しかし、これは彼らが宗教改革を支持しなかったことを意味しません。むしろ逆で、彼らの大部分は、宗教改革を支持していたことが容易に予想されます。にもかかわらず、彼らは史料に出てこないので、これは実証できません。

気に掛かるのは、北西ドイツにおける、1525年の都市反乱と宗教改革運動の関係です。南ドイツ、中部ドイツにおける農民戦争では、宗教改革の理念が運動の正当性を支えていたにもかかわらず、彼らの要求は、福音の貫徹だけでなく、社会・経済的なものが中心的でした。

一方、未だ宗教改革の理念が広まるのが遅かった北西ドイツでは、1525年の都市反乱では宗教改革の影響がほとんど見られませんでした。そのため、この都市反乱では、中世末以来の反教権主義色が強いにせよ、基本的には社会、経済的な要求が中心となっていました。これは、ミュンスターでも例外ではありません。

しかし、1530年代に北西ドイツに宗教改革運動が遅ればせながら到来し、ミュンスターで都市反乱が再燃したとき、1525年の宗教改革で見られた社会、経済的な要求は後ろに引っ込み、宗教的な要求が全面的に強調されることになります。そのため、ミュンスターでは、農民戦争とは異なり、1525年の反乱と同様の社会・経済的な動機が、運動の起動要因であり、多くの人々の支持を集めた原因であるとは、直接的には言えません。
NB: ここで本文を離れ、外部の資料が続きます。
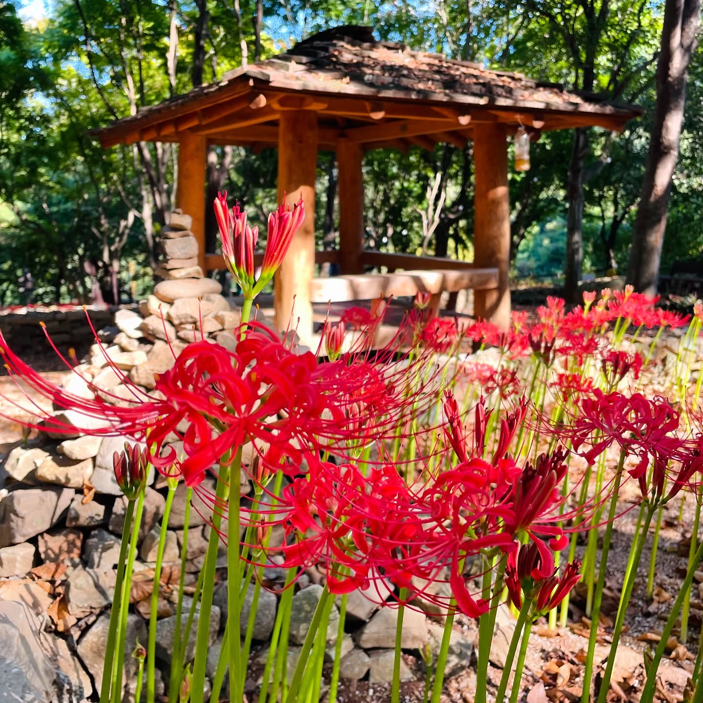- 특징: 가을 산사의 정취 속, 자연스러운 꽃무릇 군락 감상

この時、1525年の反乱と1530年代の宗教改革運動の間の連続性が問題となります。おそらく、1525年の反乱には、多くの下層民が参加していました。では果たして、ミュンスター再洗礼派の大部分を占めた下層民と女性は、宗教改革運動にどのような態度を立っていたのか、支持していたとしたら、何故支持していたのか、またその際に社会、経済的な要因はどのような影響を及ぼしたかなどについて、もっと考えてみないとなりません。

見えない人である下層民や女性が表に表れるのは、運動が制度的な枠組みを越え、カオス状態の中で進行するようになったときです。彼らが浮かび上がるわずかな痕跡の中からしか、彼らが再洗礼派運動を支持するようになった要因は読みとれません。しかし、その痕跡は余りに少ない。この僅かな痕跡から、再洗礼主義が、何故彼らにとって魅力的だったのかを探らねばなりません。それによって、当時の市民階級とそこから外れた人々の間に存在した、様々な違いが浮かび上がってくるはずです。そして、その違いは、再洗礼派運動の進行に、大きな影響を与えているはずです。

そのため、直接表れない行間にさえ、彼らの痕跡を探さねばなりません。これを可能にするのは、ただ何が何でも証拠をつかんでやると言う、歴史家の執念のみです。この執念は時間の浪費と心身の疲労を誘いますが、私は、何としても彼らの姿を、暗闇の中から引っぱり出してやるつもりです。